Directions
Where a line below includes the word "personas", copy that line.

Dataset excerpts

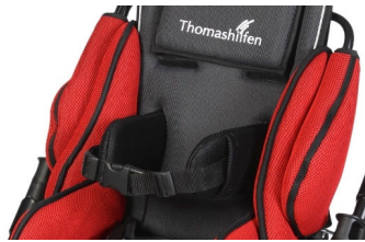
Soportes de tronco con cinturón
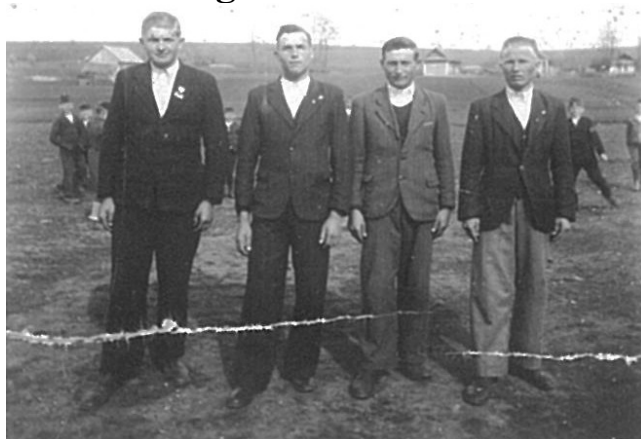
A Péter-Pál napi búcsúban az 1950-es években
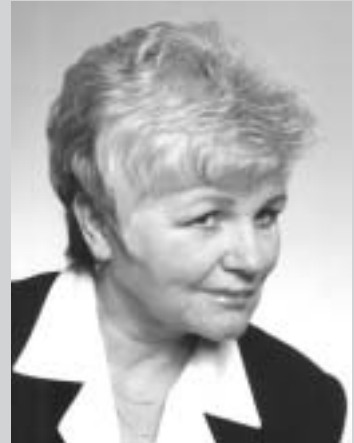
PaedDr. Květoslava Čelišová Poslankyně PS Parlamentu ČR - KSČM Dobětická 10 400 01 Ústí nad Labem
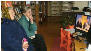
Senjorus domino interneto galimybės.

Lapkričio 10 d. ypatingai laukiami svečiai bibliotekose buvo vyresniojo amžiaus lankytojai: tądien startavo jiems skirta akcija „Esenjoras.lt“.
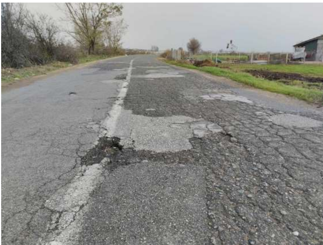
Слика 8 Постоечка состојба од локалниот пат Турново - Иловица во општина Босилово за време на теренската посета на ден 29.11.2023
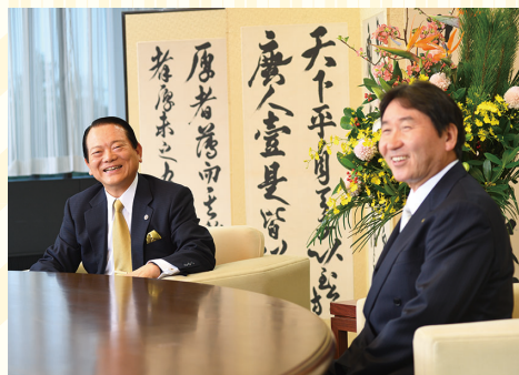
和やかな空気の中、笑顔で語る2人

また、通常ですと会議室みたいなところで事前申込制でやると思いますが、シリウス4階の健康テラスで、当日自由に参加できるようにしたのもよかつたと思います。シリウスには年間300万人を超えるかたがたが来館されますが、健康テラスはガラス張り、エスカレーターのすぐ近くなので皆さんその前を通るんですね。そうすると何かや
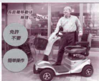
電動カート購入費補助商品
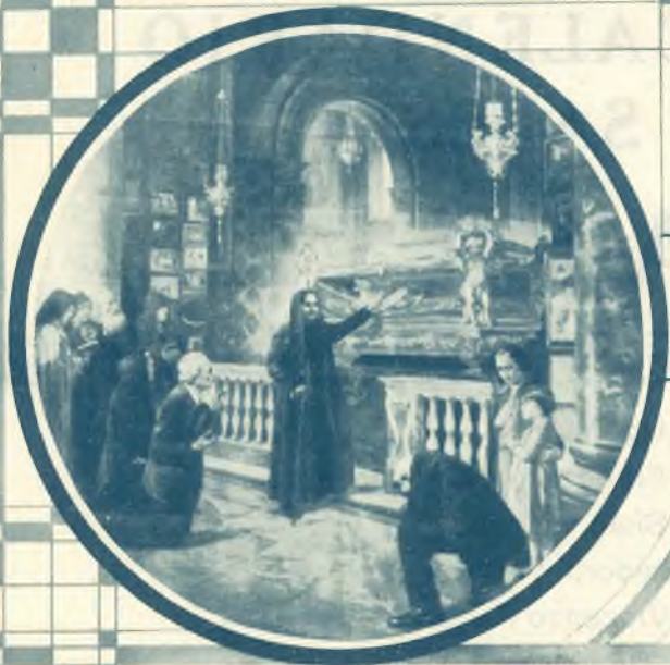
1. Uno dei Miracoli della Canonizzazione.
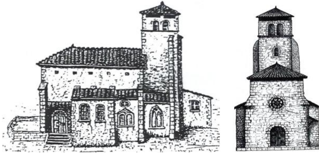
Elévations facades sud et ouest de la deuxième église du XIème siècle
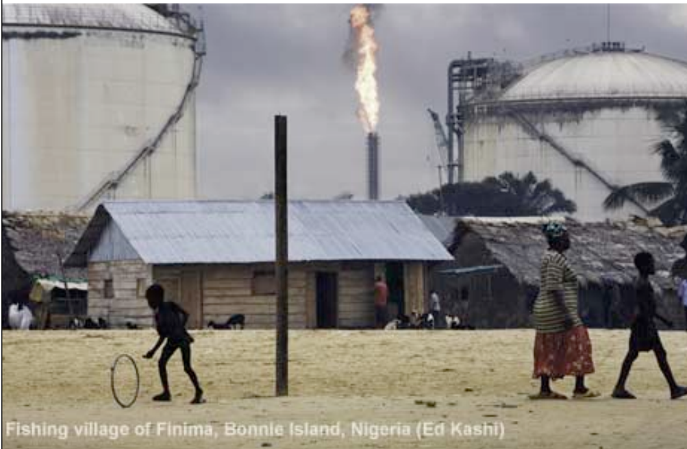
Fishing village of Finima, Bonnie Island, Nigeria (Ed Kashi)
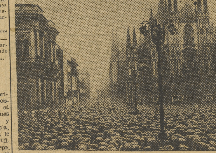
Con una manifestación monstruo, en la que, pese a la fortísima lluvia, participaron muchos millares de personas, los obreros de Milán han demostrado su protesta contra el anuncio de la Confederación de Industrialistas de despedir a muchos productores, debido a la actual crisis italiana en el terreno económico.
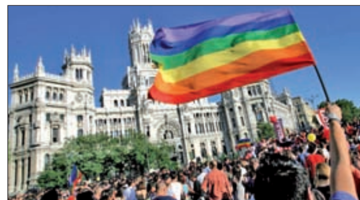
Última celebración del Orgullo Gay en Madrid

MADO 2015 se celebrará en la capital del 1 al 5 de julio. El impacto económico ronda los 110 millones de beneficios para la ciudad y la participación alcanza los dos millones de personas.
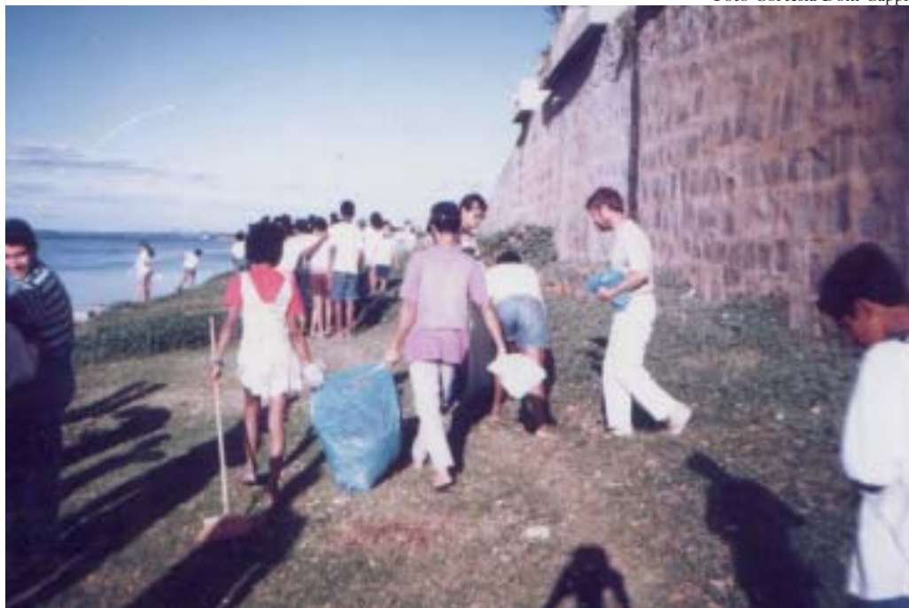
Mutirão de limpeza nas margens do Velho Chico.
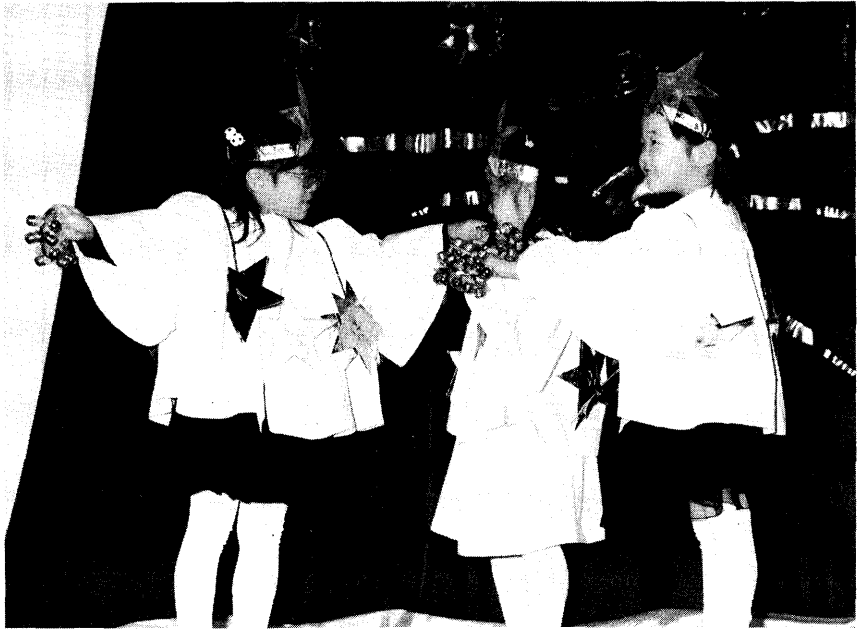
▲遊びの中の鳥が飛ぶ表現を幼児が星の子に取り入れました
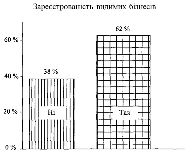
Графік № 1. Чи зареєстрований ваш бізнес?

Серед видимих підприємницьких одиниць частка тих, хто не є офіційно зареєстрованими, становить 38 % від загального числа опитаних (див. графік № 1).
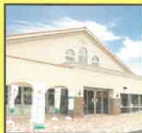
三田まほろばプレッツァ 施設利用券 (¥2,000) (5名様)
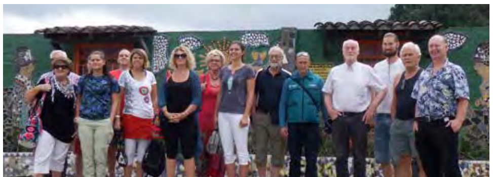
En del av svenskarna på årets höstresa.
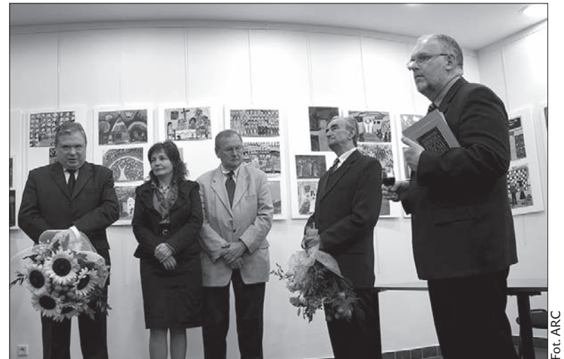
Z wernisazu wystawy w Książnicy Cieszyńskiej.
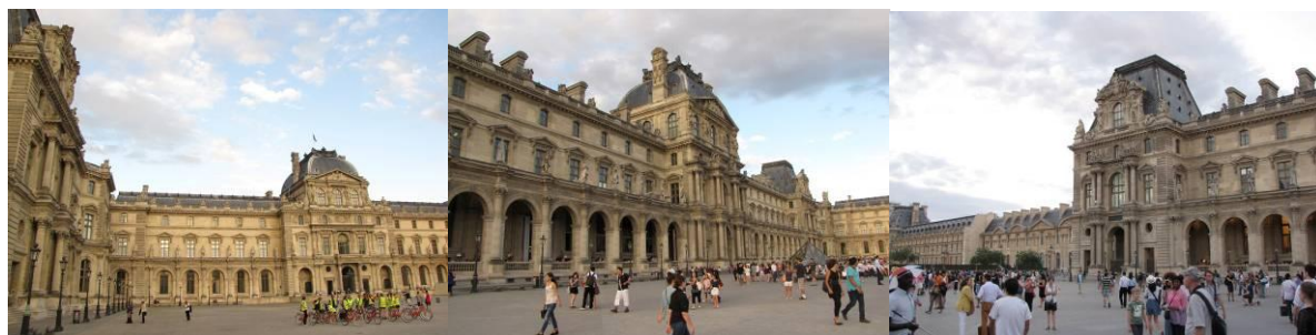
Fig. 4 Vistas do Museu do Louvre sem a Pirâmide na 'Cour Napoléon'
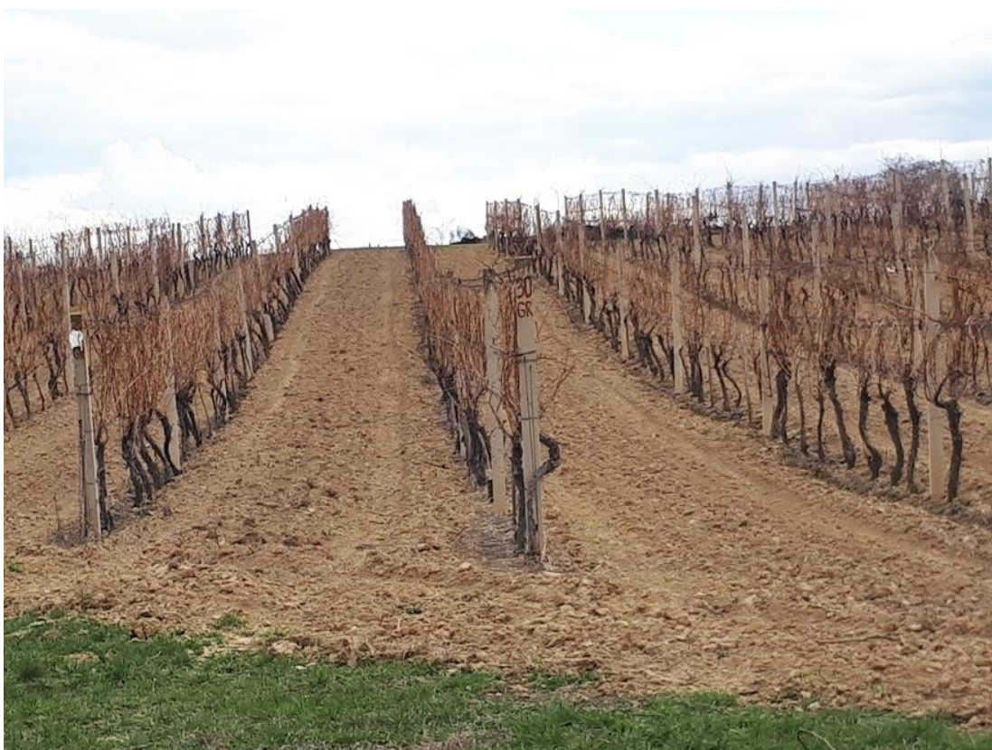
Slika 11. Vinograd Srednje škole Ilok prije rezidbe

Tijekom mjeseca siječnja i veljače u vinogradima Srednje škole Ilok obavljena je rezidba vinove loze (Slika 11.). Rezidbom su jednogodišnje rozgve prikraćene na 10 – 12 pupova, a formiran je uzgojni oblik dvostruki ili jednostruki Guyot. Nakon rezidbe izvršen je popravak armature te je zategnuta žica.

Reply
Con una manifestación monstruo, en la que, pese a la fortísima lluvia, participaron muchos millares de personas, los obreros de Milán han demostrado su protesta contra el anuncio de la Confederación de Industrialistas de despedir a muchos productores, debido a la actual crisis italiana en el terreno económico.
MADO 2015 se celebrará en la capital del 1 al 5 de julio. El impacto económico ronda los 110 millones de beneficios para la ciudad y la participación alcanza los dos millones de personas.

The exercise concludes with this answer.